In page $36$ of "Partial Differential Equation," Evan define $v(z) = \Phi(z-x) - \phi^x(z)$, where $\phi^x(z)$ is a corrector function, satisfying the following identities,
$$ \Delta \phi^x = 0 \ in \ U \tag{1}$$ $$ \phi^x = \Phi(y-x) \ in \ \partial U \tag{2}$$
$$\lim_{\epsilon \rightarrow 0} \int_{\partial B(x,\epsilon)} \frac{\partial v}{\partial \nu} w dS = \lim_{\epsilon \rightarrow 0} \int_{\partial B(x,\epsilon)} \frac{\partial \Phi}{\partial \nu}(x-z) w(z) dS $$
I am kind of lost about how he got the equation.

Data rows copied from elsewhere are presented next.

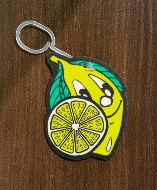 Osvěžovač vzduchu - klasické provedení, s očkem na zavěšení - provoní váš byt, kancelář, automobil, a další prostory příjemnou jemnou vůní citronu. S veselým obrázkovým motivem.
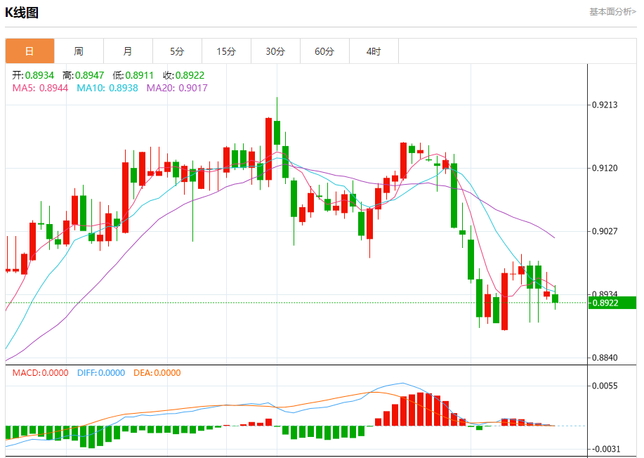 周五纽盘,瑞郎兑美元交投于0.8924,跌幅为0.18%。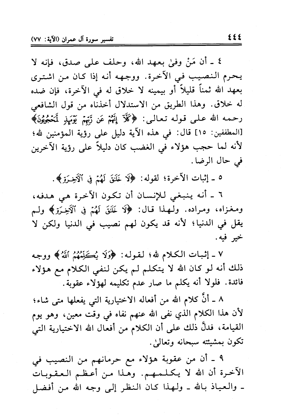 ٤ - أن مَنْ وفى بعهد الله، وحلف على صدق، فإنه لا يحرم النصيب في الآخرة. ووجهه أنه إذا كان من اشترى بعهد الله ثمنًا قليلًا أو بيمينه لا خلاق له في الآخرة، فإن ضده له خلاق. وهذا الطريق من الاستدلال أخذناه من قول الشافعي رحمه الله على قوله تعالى: {كَلَّا إِنَّهُمْ عَنْ رَبِّهِمْ يَوْمَئِذٍ لَمَحْجُوبُونَ} [المطففين: ١٥] قال: في هذه الآية دليل على رؤية المؤمنين لله؛ لأنه لما حجب هؤلاء في الغضب كان دليلًا على رؤية الآخرين في حال الرضا.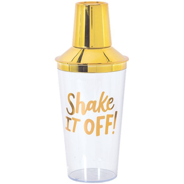 Plastcocktailshaker med gulllokk og teksten «Shake it off».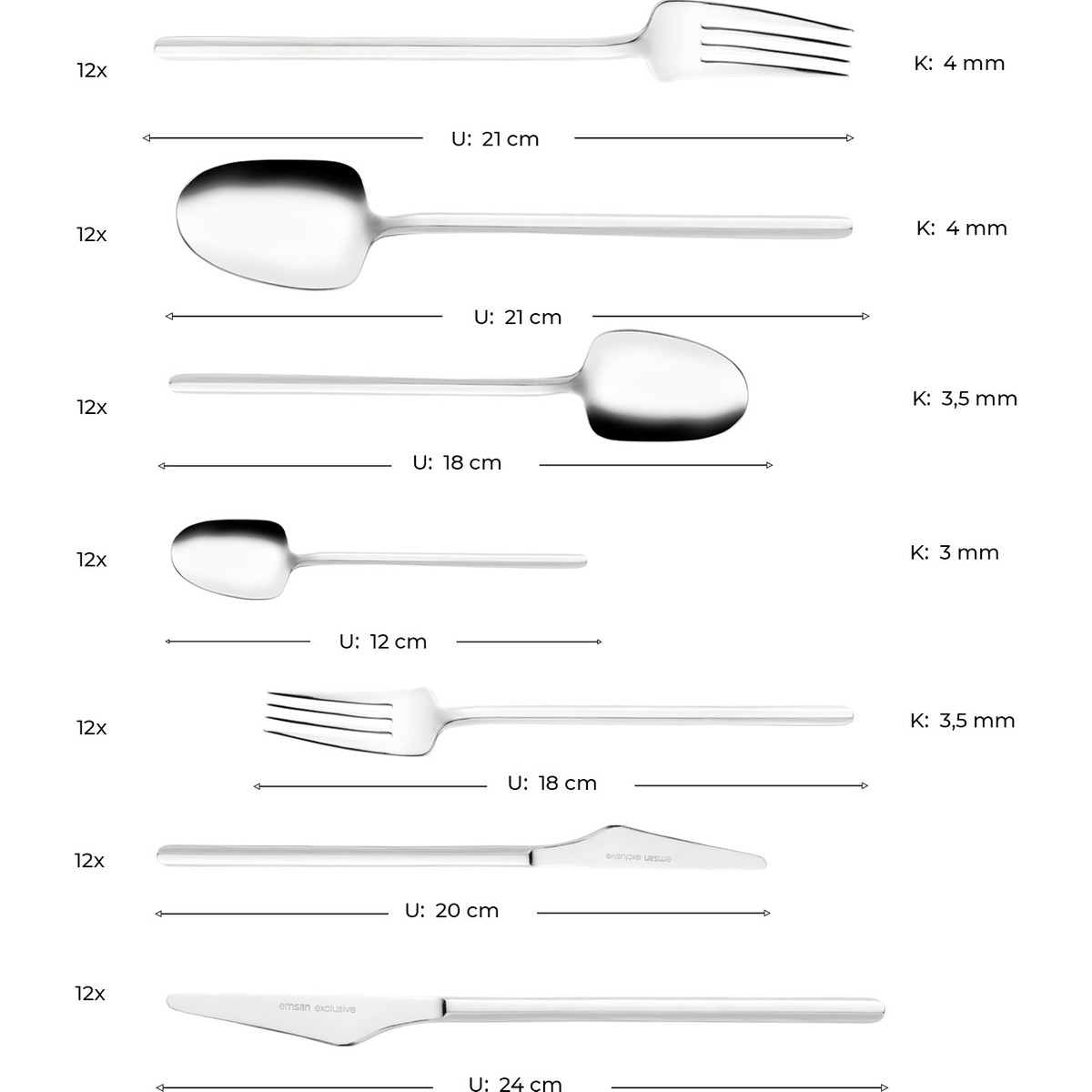 - 12 Adet Yemek Kaşığı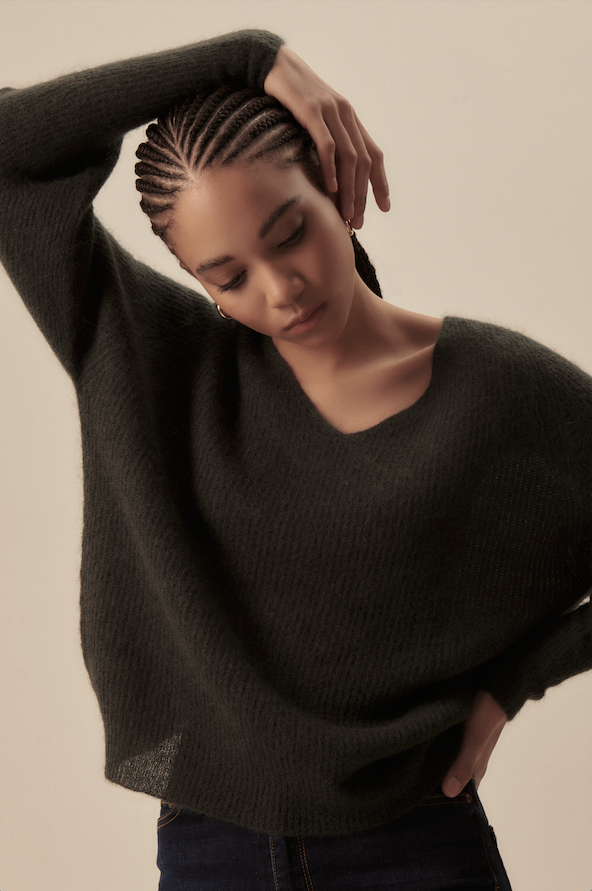 La linea Terra, nome che sottolinea il costante profondo impegno in materia di sostenibilità sociale e ambientale del marchio, introduce un’essenza fresca e moderna all’interno della collezione Oscalito A/I 2024: per la prossima stagione invernale, infatti, la serie in costa irregolare si affianca ai tradizionali tessuti a costina Oscalito, proponendo dei total look con pantalone, maglie e cardigan. Risultano estremamente contemporanee sia la linea in laize arricciata sia quella in costina con anello metallico e cut-out.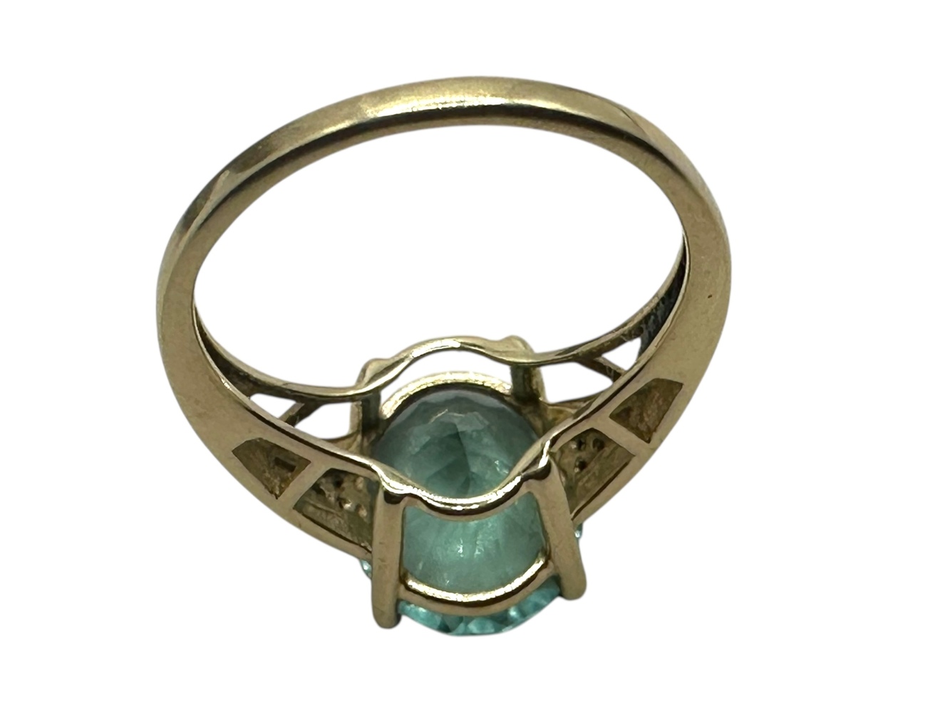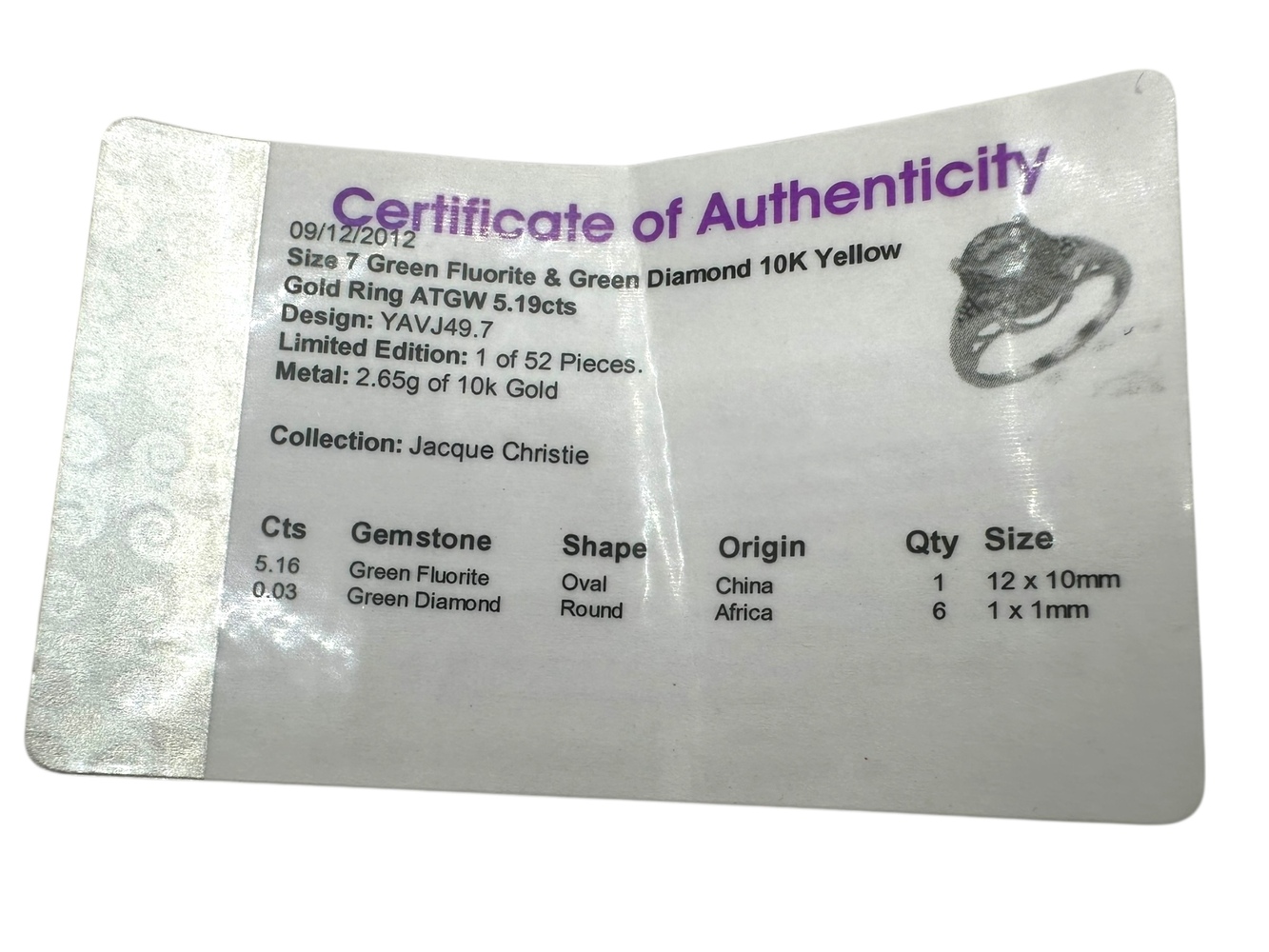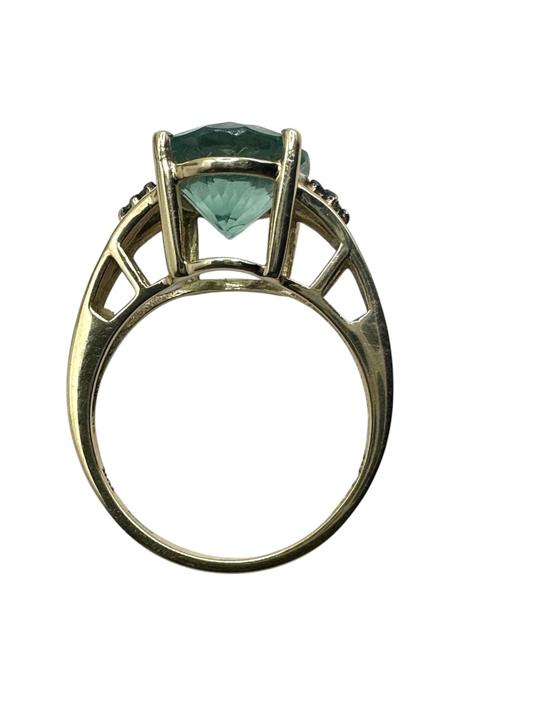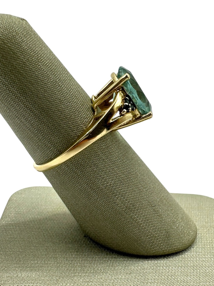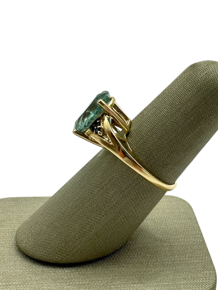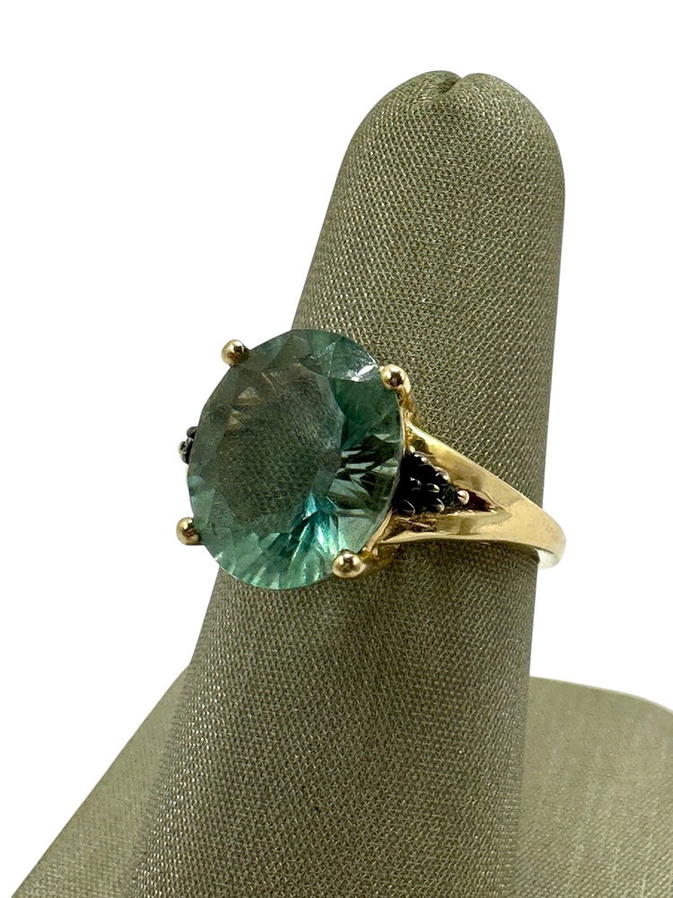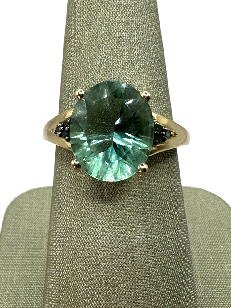 10K Yellow Gold Oval Fluorite & Green Diamond Ring Size 7 3.9 grams
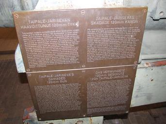| Keywords: Maneesi 120 41 A memorial plaque.JPG QF 4 7 /40 12 cm Mark IV gun in Maneesi Military Museum This gun was built in Kure Japan under license and later sold to Russian Empire Taken over by Finland and given the designation 120/41 A 120 mm 41 caliber model Armstrong This gun was used in the Järisevä coastal fort where it supported the Finnish defences at Mannerheim Line and was damaged during Winter War See also File Maneesi 120 41 A side 2 JPG right side view File Maneesi 120 41 A barrel JPG right side muzzle close-up view File Maneesi 120 41 A front JPG muzzle view File Maneesi 120 41 A side JPG left side breech view File Maneesi 120 41 A rear JPG breech end view File Maneesi 120 41 A information plaque JPG information plaque fi 120/41 A eli 120 mm n 41 kaliiperin rannikkotykki mallia Armstrong Sotamuseon Maneesissa Englantilainen QF 4 7 /40 12 cm Mark IV valmistettu Kuressa Japanissa lisenssillä ja myöhemmin myyty Venäjän keisarikuntaan Tykki oli talvisodassa Järisevän rannikkolinnakkeella jossa se tuki Mannerheim-linjan puolustajia ja vaurioitui taisteluissa own MKFI 2010-05-13 60 8 45 09 N 24 59 20 61 E region FI QF 4 7 inch Gun Mk I - IV Coastal artillery in Finland Manege Military Museum Taken with Canon PowerShot SX10 IS Plaques referencing 1939 Plaques referencing 1940 Files by User MKFI |
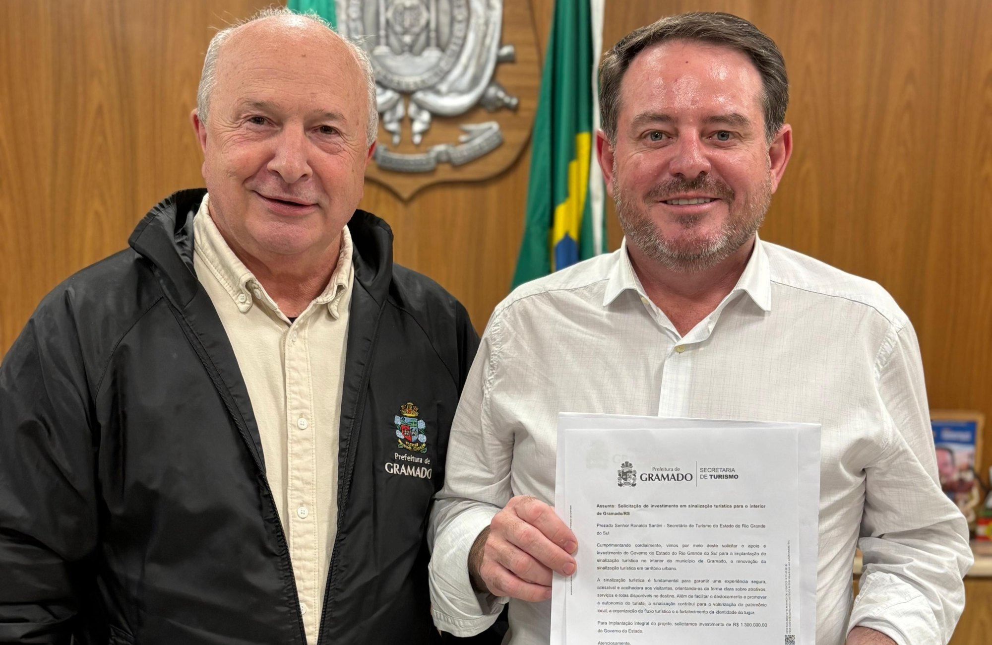 O vice-prefeito de Gramado, Luia Barbacovi, esteve nesta terça-feira (17) no Centro Administrativo do Governo do Estado, em Porto Alegre, para tratar de demandas do município. Na ocasião, Barbacovi se reuniu com o secretário estadual de Turismo, Ronaldo Santini, e protocolou um pedido de recursos para investimentos em sinalização turística, tanto nas vias urbanas quanto nas estradas do interior.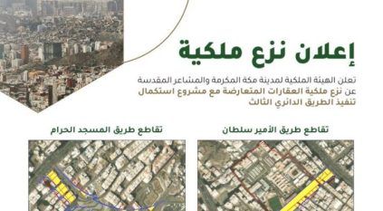 أعلنت الهيئة الملكية لمدينة مكة المكرمة والمشاعر المقدسة مواصلة تنفيذ مشروع استكمال الطريق الدائري الثالث، الذي يمتد على مسافة (30) كيلومترًا تربط أحياء مكة المكرمة بمداخلها الرئيسية.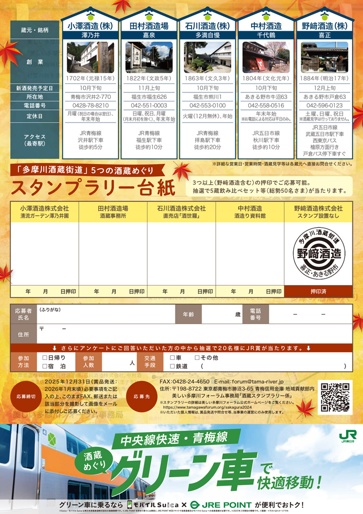 多摩川酒蔵街道スタンプラリー2025年9月1日~12月31日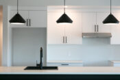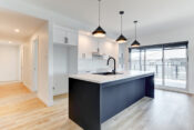 -Cuisine moderne incluant une table de salle à manger intégrée à l’îlot de cuisine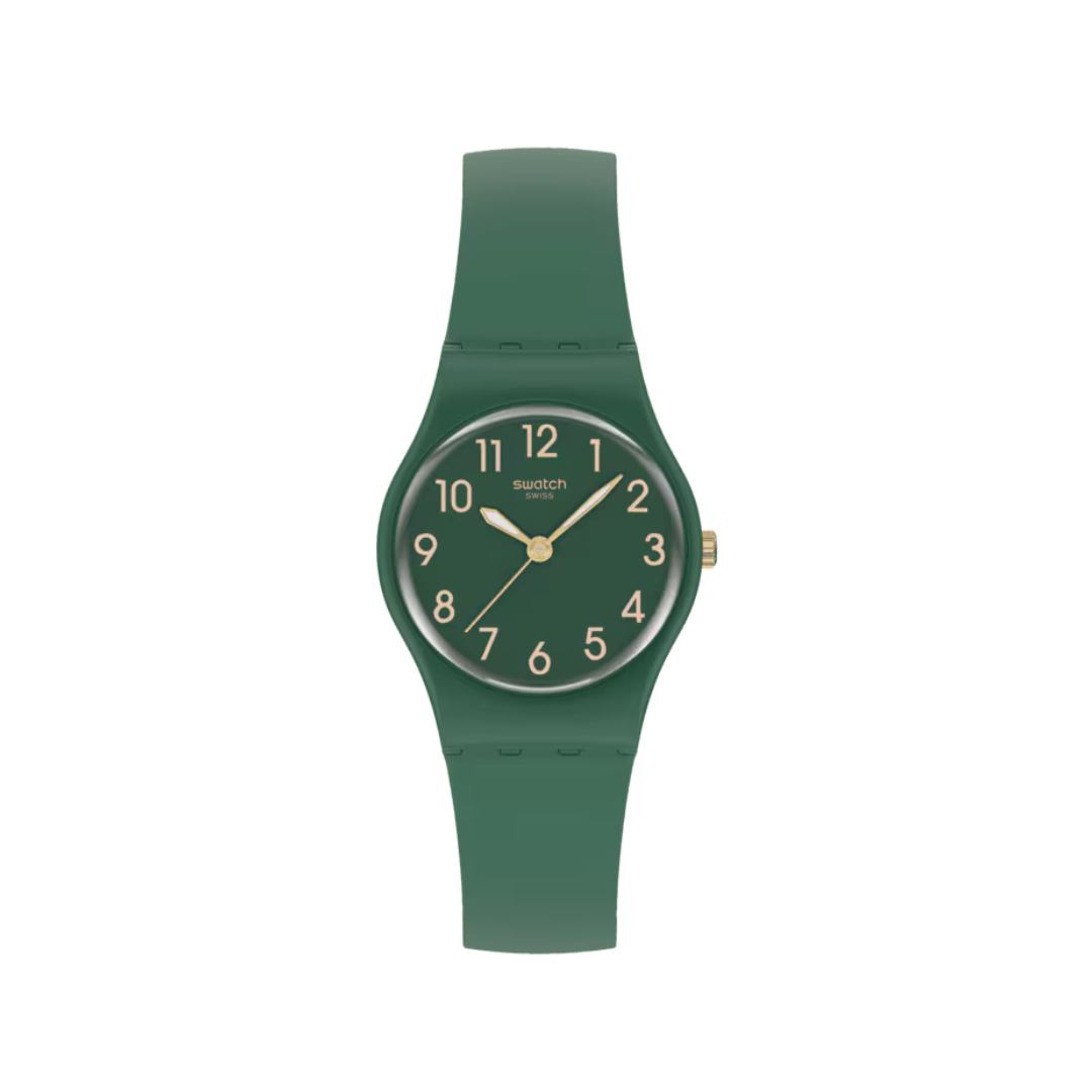 Cette montre possède un cadran vert foncé avec des chiffres imprimés en beige, des aiguilles des heures et des minutes couleur or rose à effet glow-in-the-dark et une aiguille des secondes couleur or rose. Le boîtier est vert foncé mat. Le tout est complété par un bracelet biosourcé vert foncé mat avec une boucle et un passant assortis.

Note that you want to prove that $$\lim_{\varepsilon\to 0}\int_{\partial B(x,\varepsilon)}\frac{\partial \phi^x}{\partial \nu}wdS=0.$$ Note that $w$ is not a problematic function near $x$. In fact $w$ is harmonic function in $U\setminus\left\{y\right\}$. Thus it is smooth, hence bounded in the closed set $\partial B(x,\varepsilon)$ for $\varepsilon>0$ sufficiently small. The argument for $\phi^x$ is similar, due to being smooth in $U$, its derivatives are bounded on the closed set $\partial B(x,\varepsilon)$.